+ workqueues-implement-flush_work.patch added to -mm tree

akpm@xxxxxxxxxxxxxxxxxxxx · Mon, 30 Jun 2008 16:42:54 -0700

The patch titled
     workqueues: implement flush_work()
has been added to the -mm tree.  Its filename is
     workqueues-implement-flush_work.patch

Before you just go and hit "reply", please:
   a) Consider who else should be cc'ed
   b) Prefer to cc a suitable mailing list as well
   c) Ideally: find the original patch on the mailing list and do a
      reply-to-all to that, adding suitable additional cc's

*** Remember to use Documentation/SubmitChecklist when testing your code ***

See http://www.zip.com.au/~akpm/linux/patches/stuff/added-to-mm.txt to find
out what to do about this

The current -mm tree may be found at http://userweb.kernel.org/~akpm/mmotm/

------------------------------------------------------
Subject: workqueues: implement flush_work()
From: Oleg Nesterov <oleg@xxxxxxxxxx>

Most of users of flush_workqueue() can be changed to use cancel_work_sync(),
but sometimes we really need to wait for the completion and cancelling is not
an option. schedule_on_each_cpu() is good example.

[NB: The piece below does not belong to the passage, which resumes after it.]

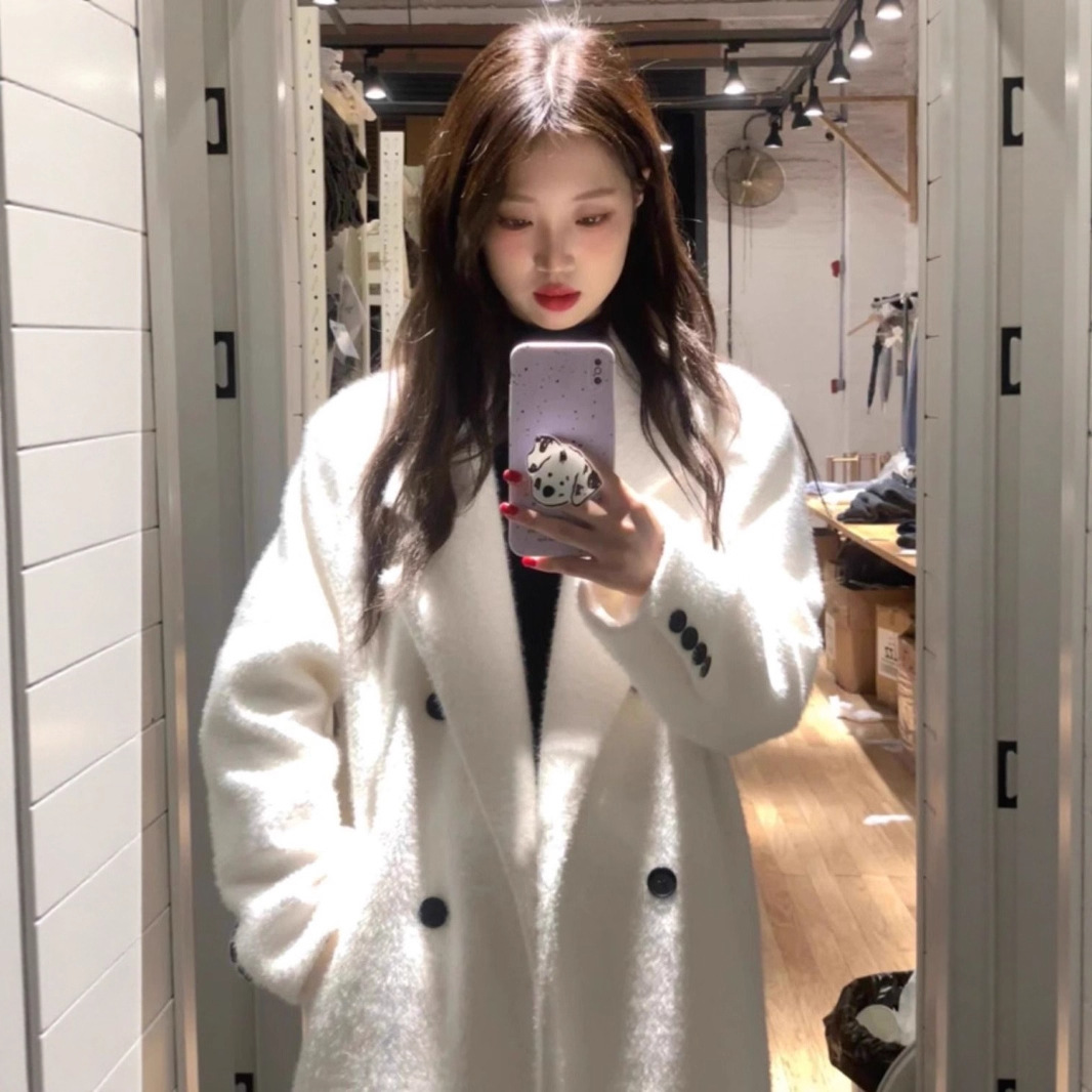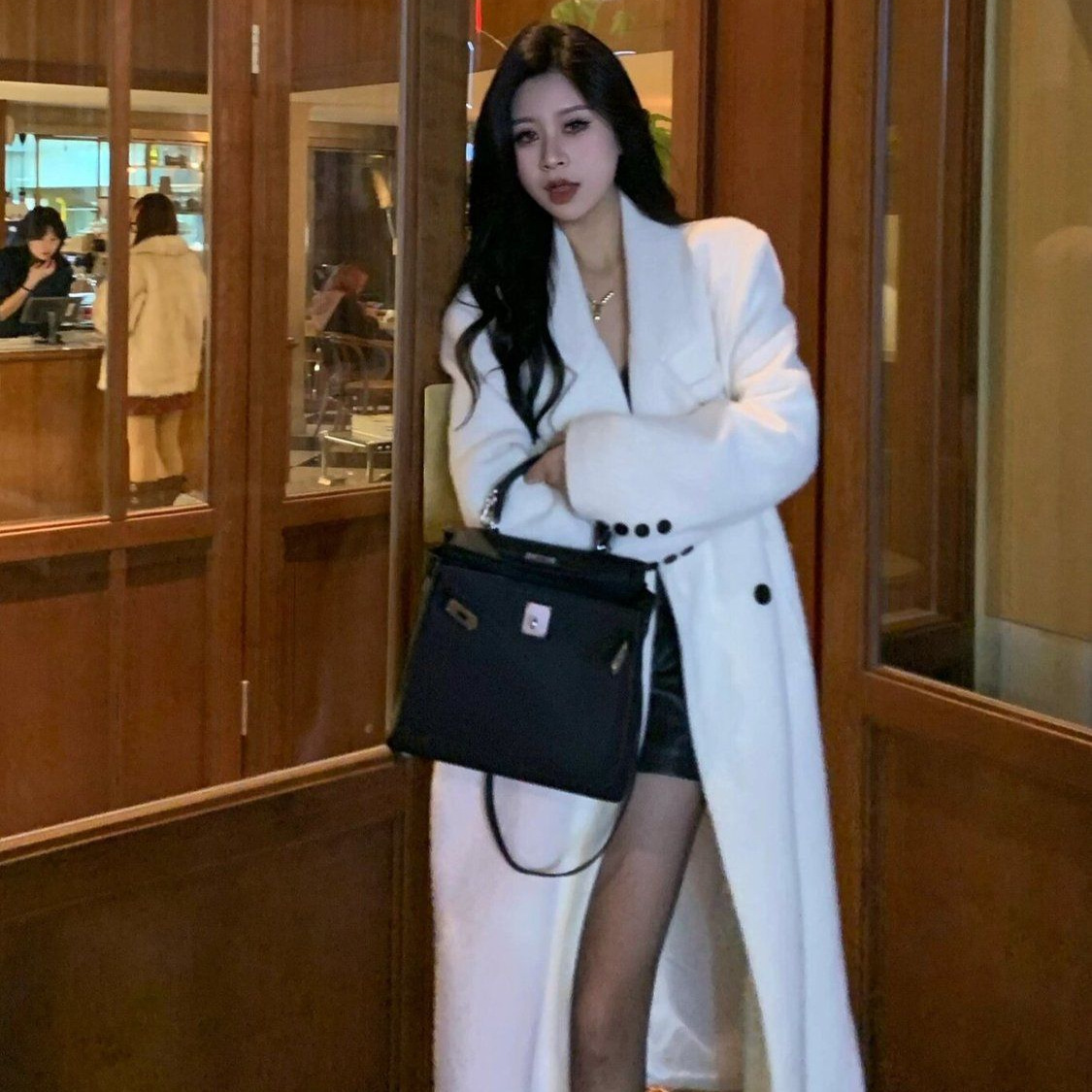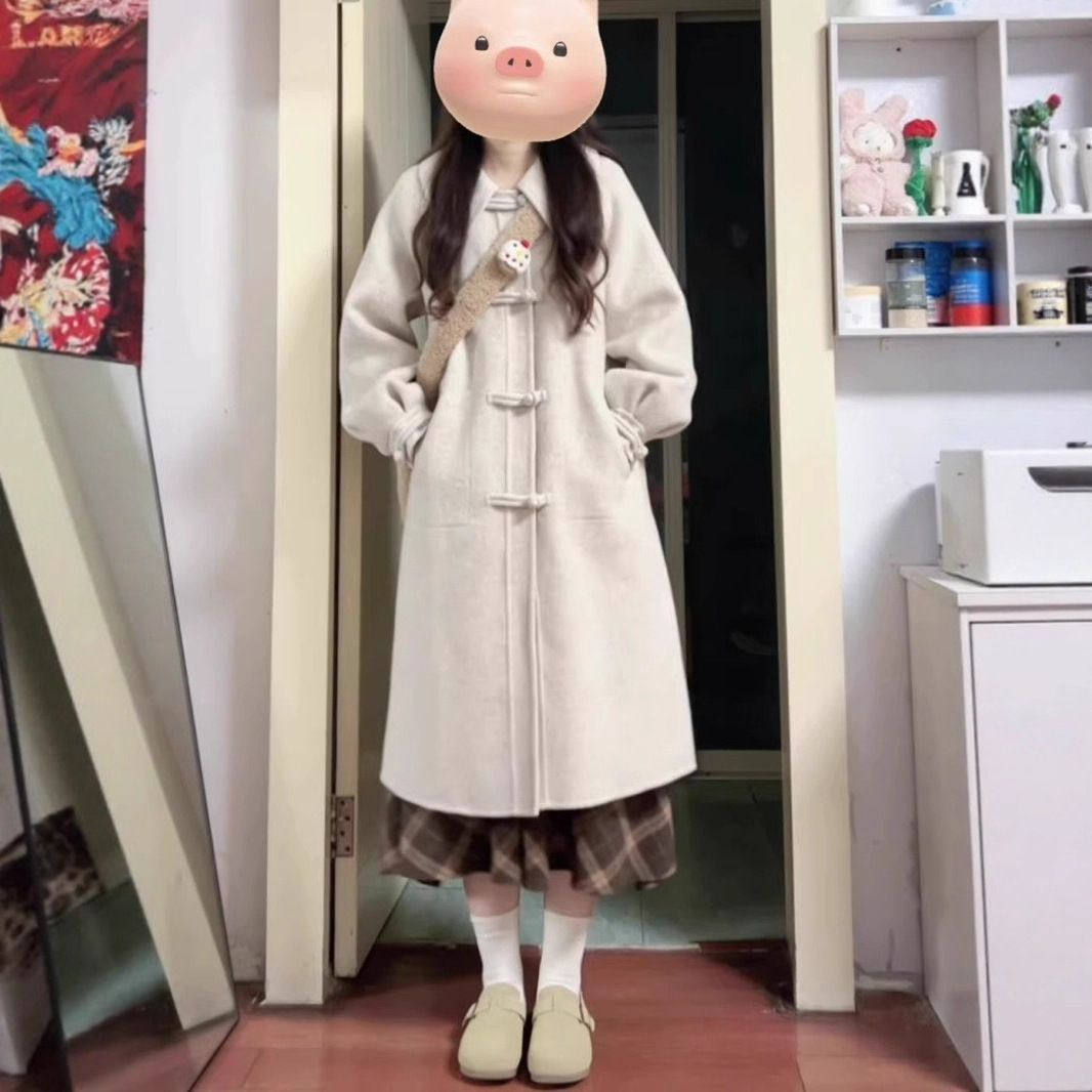 女性のための白いウールのコート 2025 秋と冬の新しいメイラード韓国ヘップバーンスタイルの厚いウールのコート

Add the new helper, flush_work(work), which waits for the completion of the
specific work_struct. More precisely, it "flushes" the result of of the last
queue_work() which is visible to the caller.

For example, this code

	queue_work(wq, work);
	/* WINDOW */
	queue_work(wq, work);

	flush_work(work);

doesn't necessary work "as expected". What can happen in the WINDOW above is

	- wq starts the execution of work->func()

	- the caller migrates to another CPU

now, after the 2nd queue_work() this work is active on the previous CPU, and
at the same time it is queued on another. In this case flush_work(work) may
return before the first work->func() completes.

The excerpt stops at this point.